According to an embodiment, the first electronic circuit and the second electronic circuits form part of a battery of electrical accumulators, the electrical accumulators being distributed in assemblies of electrical accumulators, each second electronic circuit corresponding to the first identifier controlling the connection or the disconnection of each electrical accumulator of one of the assemblies based on said orders.
According to an embodiment, the orders are orders to turn on or off switches coupling the electrical accumulators.
According to an embodiment, when the first identifier is identical to the second identifier, the second electronic circuit corresponding to the first identifier executes the orders before the sending of the second frame.
According to an embodiment, each second electronic circuit is coupled to at least one voltage and/or current sensor, and the second frame comprises data representative of at least one value measured by the sensor coupled to the second electronic circuit corresponding to the second identifier.
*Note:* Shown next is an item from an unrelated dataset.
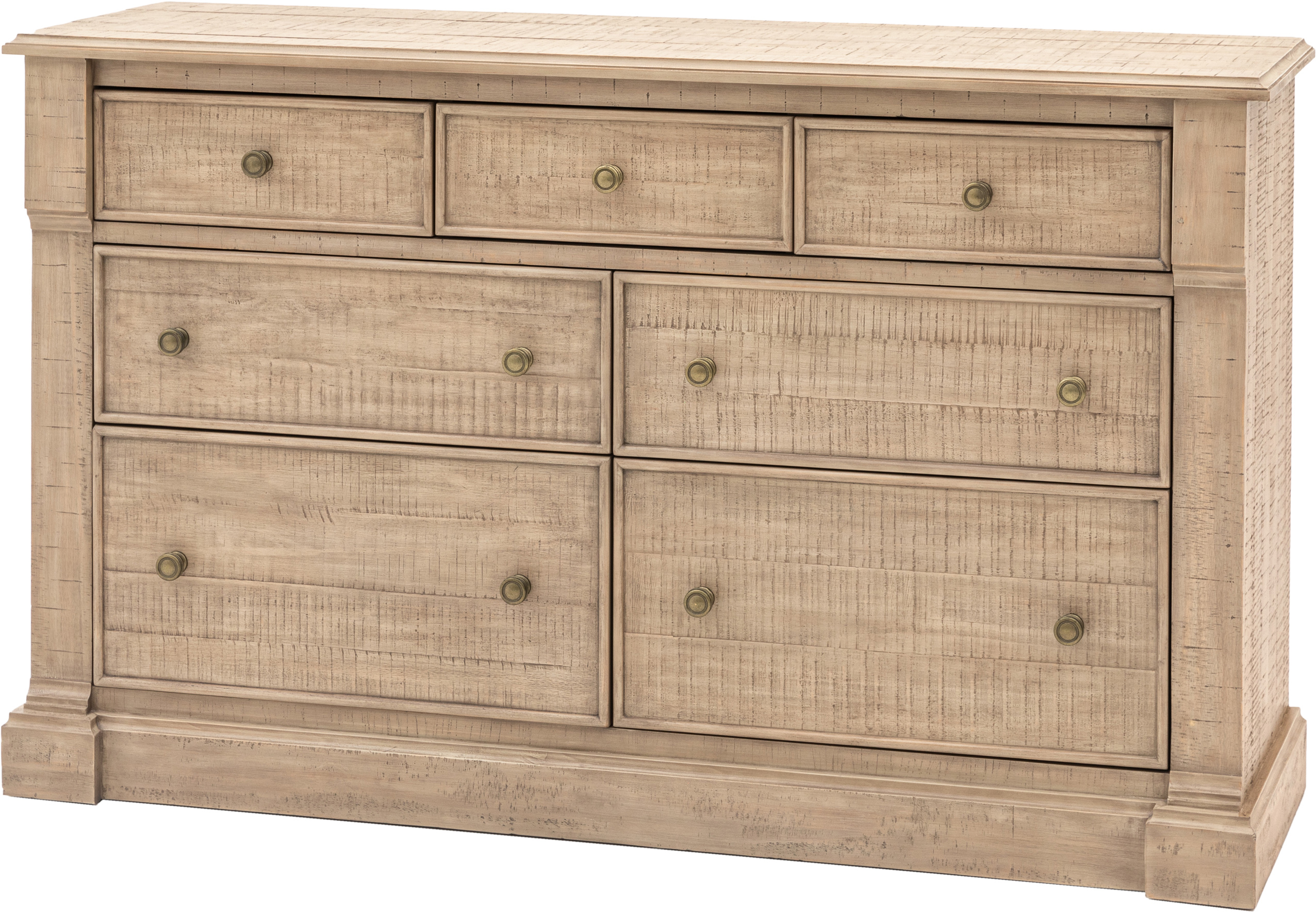 Gallery Direct Vancouver 7 Drawer Chest This 7 drawer chest is a charming and practical addition to any bedroom. Its weathered wood finish and classic design create a warm and inviting atmosphere. The seven spacious drawers offer ample storage space for clothing, linens, and other essentials. The dresser’s sturdy construction and timeless style make it a valuable addition to any home.

According to an embodiment, the transmission by the first electronic circuit of the first frames over the bus to the second electronic circuits is performed periodically.
An embodiment also provides an electronic system comprising a first electronic circuit and second electronic circuits coupled to the first electronic circuit by a bidirectional bus configured to allow the full duplex communication, each second electronic circuit having a single identifier corresponding thereto, the first electronic circuit being configured to transmit first frames over the bus to the second electronic circuits, each first frame comprising the same number of bits, the bits of each first frame being distributed in successive groups of bits, the positions of the groups being the same in each first frame, a first group of bits among the groups of bits corresponding to a first identifier among the identifiers, a second group of bits among the groups of bits corresponding to orders to be executed by the second electronic circuit corresponding to the first identifier, and a third group of bits among the groups of bits corresponding to a second identifier among the identifiers, only the second electronic circuit corresponding to the second identifier being authorized to transmit a second frame to the first electronic circuit over the bus.
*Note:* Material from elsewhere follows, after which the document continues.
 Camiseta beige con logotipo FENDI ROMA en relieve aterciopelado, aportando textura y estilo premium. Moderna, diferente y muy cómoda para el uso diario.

According to an embodiment, the system corresponds to a battery of electrical accumulators, the electrical accumulators being distributed in assemblies of electrical accumulators, each second electronic circuit being configured to control the connection and the disconnection of each electrical accumulator of one of the assemblies based on said orders.
The foregoing features and advantages, as well as others, will be described in detail in the rest of the disclosure of specific embodiments given by way of illustration and not limitation with reference to the accompanying drawings, in which:
Like features have been designated by like references in the various figures. In particular, the structural and/or functional features that are common among the various embodiments may have the same references and may dispose identical structural, dimensional and material properties. For the sake of clarity, only the steps and elements that are useful for an understanding of the embodiments described herein have been illustrated and described in detail. In particular, the conventional functions carried out by a master control circuit of a battery of accumulators such as cell balancing are well known by those skilled in the art and are not described in further detail hereafter. Further, a signal which alternates between a first constant state, for example, a low state, noted “0”, and a second constant state, for example, a high state, noted “1”, is called a “binary signal”. The high and low states of different binary signals of a same electronic circuit may be different. In practice, the binary signals may correspond to voltages or to currents which may not be perfectly constant in the high or low state.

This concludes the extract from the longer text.